The bill that broke us
Across the cohort we hit an inflection in 2024. Inference for one of the ventures cost $4.20 per active user per month at peak. Active users were growing. The model was good. The unit economics were not.
Three options: a smaller model (lossy), a different cloud provider (marginal), or stop renting GPUs by the hour. We picked the third.
The math
Once you have stable demand and a model architecture you trust for at least 12 months, the on-prem break-even on H100-class hardware lands at around 0.55 GPU-utilisation hours per dollar of cloud spend. We were running at 0.71. The decision was made.

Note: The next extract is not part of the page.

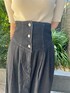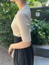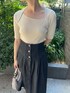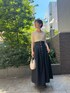 大人カジュアル♩デニムコーデ 【トップス】 アシンメトリーなネックデザインがシンプルだけどお洒落♡ しっとりしたニット素材なので着心地抜群。 肘上までの袖の長さなので秋口重宝しますよ♩ 【ジャケット】 CIMARRONJEANSとのコラボアイテム。 袖口広めのぽってりしたフォルム感がたまらなく可愛いです♡ ショート丈なのでスッキリした着こなしが◎ 柔らかい生地なのでデニム特有のゴワつき無く羽織れます! ハイウエストのボトムスやロングスカートどの相性抜群ですよ♡ 【スカート】 コルセット風のウエストデザインが細見えポイント。 腰から切り替えになりスカートが広がるデザインなので、お尻・太ももをカバーしてくれます◎ 163センチでMサイズ着用し、くるぶしにかかる丈感。ニットをインしても余裕がありました! ウエストサイズにゆとりが欲しい方や腰回りカバーしたい方におすすめです。 【シューズ】 シンプルなデザインのミュールは靴に困った時の救世主! ふかふかのクッションのような履き心地が魅力♡ 普段Mサイズを選びますが、こちらはSサイズ着用しかかとが少し出るくらい。 足のサイズが24.5センチ〜25.0センチの方も履いて頂きやすいと思いますよ♡ 【バッグ】 小ぶりなサイズ感が可愛い! 三つ折り財布、ハンカチがすっぽり入ります。

We commissioned a 2 MW inference pod — not a training site, just inference — co-located with a hydroelectric grid in northern Portugal. Cost-of-power on the contract is just under one-third of the equivalent in our nearest hyperscaler region.
What broke
Three things that the cloud had been silently solving for us, that we now had to solve ourselves:
- Hot-spare capacity. A hyperscaler hides the fact that not every GPU is available all the time. We learned this when a half-rack went into thermal throttle and our routing layer hadn't been written to handle it.
- Model swap orchestration. Pushing a new model to 1,000 cloud GPUs is a rolling deploy. To 1,000 on-prem GPUs without a deploy infrastructure, it is several days of phone calls.
- Failure-mode reporting. The cloud has telemetry. The pod did not. We built it.
The cloud, as debugger
We did not move everything. We kept a small reservation in the cloud for two purposes: spike-load overflow, and shadow-mode evaluation of new model candidates against live traffic. Both jobs are inherently bursty. The cloud is good at bursty. It is bad at steady-state.
The framing that worked, internally, was: treat the cloud as a debugger, not a runtime. Steady-state inference is on the pod. Investigations, replays, and shadow evals run on rented hardware. The bill came down by 74% at the same scale. We did not regret it.
Three things to take
- Cloud spend isn't fixed. If your model architecture is stable for a year, run the on-prem math. The break-even is closer than it looks.
- You will under-budget for the orchestration layer. Double whatever you scoped.
- Keep a foot in the cloud. Use it for the workloads it's actually good at.